Софрон Леонидович был потрясен, с минуту он молчал, а внешне стал похож на ежика, выставившего во все стороны колючки. Но вот он уперся в Щукина пронизывающим взглядом, словно пытался понять, кто перед ним. А перед ним сидел просто человек, следователь, а не пугало. Наконец колючки пригладились, Софрон Леонидович, медленно болтая в чашке ложкой, спросил:

– Как вам удалось раскопать?

– Это моя работа, – хвастанул Архип Лукич, но, устыдившись, поправился: – Совершенно случайно попали в руки документы.

– Случайно… – вздохнул тот, опустив глаза. – Вы не замечали, что случайность не бывает случайной?

– Знаете, – улыбнулся Щукин, дабы смягчить напряжение, – за время расследования я уже слышал подобное высказывание.

– Значит, так и есть. По каким-то своим законам случайность движется в круге одних и тех же людей. Мир так огромен, а места в нем мало, место определяет случайность. Она словно выбирает тех, кого будет преследовать, проверять на прочность. Я, к сожалению, не верю в бога, иначе все было бы просто, а так… непостижимо.

– Вы хотите сказать, что Хижняка Никита застрелил случайно?

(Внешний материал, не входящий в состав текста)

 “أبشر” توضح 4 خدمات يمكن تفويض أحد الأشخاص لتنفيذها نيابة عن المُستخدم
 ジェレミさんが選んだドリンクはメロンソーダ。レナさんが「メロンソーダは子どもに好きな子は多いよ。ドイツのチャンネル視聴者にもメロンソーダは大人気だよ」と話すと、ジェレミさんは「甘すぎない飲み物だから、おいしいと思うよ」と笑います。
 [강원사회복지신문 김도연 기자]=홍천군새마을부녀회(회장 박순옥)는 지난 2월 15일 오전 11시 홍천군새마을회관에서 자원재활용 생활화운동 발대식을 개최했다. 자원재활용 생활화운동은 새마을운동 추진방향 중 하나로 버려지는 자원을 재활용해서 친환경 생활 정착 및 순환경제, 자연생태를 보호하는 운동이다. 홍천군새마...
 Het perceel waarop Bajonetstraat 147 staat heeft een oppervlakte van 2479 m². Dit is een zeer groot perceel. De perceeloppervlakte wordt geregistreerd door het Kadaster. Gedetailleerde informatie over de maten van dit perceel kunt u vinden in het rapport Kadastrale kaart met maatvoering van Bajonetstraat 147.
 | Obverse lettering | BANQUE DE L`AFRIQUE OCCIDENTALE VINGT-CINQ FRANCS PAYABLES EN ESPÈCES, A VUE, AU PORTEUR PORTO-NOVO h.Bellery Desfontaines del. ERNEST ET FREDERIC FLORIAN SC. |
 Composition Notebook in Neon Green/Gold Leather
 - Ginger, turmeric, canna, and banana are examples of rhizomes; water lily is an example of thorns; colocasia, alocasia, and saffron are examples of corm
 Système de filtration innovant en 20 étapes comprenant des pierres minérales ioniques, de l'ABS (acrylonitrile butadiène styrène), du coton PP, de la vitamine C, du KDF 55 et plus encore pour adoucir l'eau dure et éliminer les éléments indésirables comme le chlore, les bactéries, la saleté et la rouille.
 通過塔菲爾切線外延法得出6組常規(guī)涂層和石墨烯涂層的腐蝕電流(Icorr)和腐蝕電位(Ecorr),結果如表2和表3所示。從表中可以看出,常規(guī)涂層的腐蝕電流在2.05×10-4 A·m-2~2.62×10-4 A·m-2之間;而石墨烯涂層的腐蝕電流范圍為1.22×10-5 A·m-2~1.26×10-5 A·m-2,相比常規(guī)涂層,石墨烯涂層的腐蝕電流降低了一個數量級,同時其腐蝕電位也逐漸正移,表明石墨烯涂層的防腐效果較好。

– Да нет, конечно. Это я так, рассуждаю над темой, которая меня давно тревожит. А вы только подтвердили фатальность случайности. Никита… – Софрон Леонидович замер, словно не знал, что сказать. Потом все же решился: – Мы крепко сдружились. Вам сейчас не понять, что значила искренняя дружба тогда, когда сосед сдавал своего соседа, который делился с ним куском хлеба, и при этом не испытывал угрызений совести. Но мы прошли через ад… Было бы более емкое слово, я б употребил его, потому что нет названия тому, через что мы прошли. И как мы выжили… неизвестно. Наверное, жажда жить – это умение принимать условия и выжидать, а мы хотели жить. Где-то там, в подсознании, теплилась надежда, что пройдет кошмар, надо лишь уметь ждать. Сталин умер, но остались… Хижняки. Если б вы знали, что это была за сволочь… нет, не рассказать. Поразительное сочетание жестокой тупости и дешевого карьеризма. Я до сих пор не могу понять, откуда у него взялась такая… даже не ненависть, а… равнодушие к человеку, к его боли, к его жизни. Денис Огарев, брат Никиты, погиб на наших глазах…

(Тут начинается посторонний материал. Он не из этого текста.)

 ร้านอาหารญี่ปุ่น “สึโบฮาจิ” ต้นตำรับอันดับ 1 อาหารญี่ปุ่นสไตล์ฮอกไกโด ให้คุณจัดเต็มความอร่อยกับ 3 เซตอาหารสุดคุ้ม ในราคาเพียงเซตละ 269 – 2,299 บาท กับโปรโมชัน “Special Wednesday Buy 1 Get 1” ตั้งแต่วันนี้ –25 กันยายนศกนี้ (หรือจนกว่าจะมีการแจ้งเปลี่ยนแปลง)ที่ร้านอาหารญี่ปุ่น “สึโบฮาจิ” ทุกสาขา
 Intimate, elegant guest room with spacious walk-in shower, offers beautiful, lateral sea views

– Да, я знаю, – сказал Щукин.

– Знаете? – удивился Софрон Леонидович, в следующий миг он понимающе закивал. – Ну, да, раз вы вышли на меня, стало быть, знаете. Однажды на шахте произошла крупная авария. Очередная. Мы уже тогда были вольными. Вина за аварию, по сути, лежала на Хижняке – его предупреждали, что создалась опасная ситуация… Впрочем, это неинтересно. Нас пронесло, авария случилась не в нашу смену, но погибло человек двадцать. Хижняк так и остался сидеть в кресле начальника, списав свою преступную халатность на проходчиков, не доложивших вовремя об опасности, на шахтеров, которые погнались за длинным рублем, и так далее. Однажды я вернулся со скрипкой домой – мы жили вместе – и впервые увидел пистолет…

30

Никита сидел за столом, сосредоточенно вставляя в магазин патроны. Открылась дверь, он спрятал пистолет под скатерть, но, увидев, кто пришел, достал его.

– Думал, Кузьма вернулся, – проворчал Никита. – Пьет он много последнее время, а пьющий человек болтлив.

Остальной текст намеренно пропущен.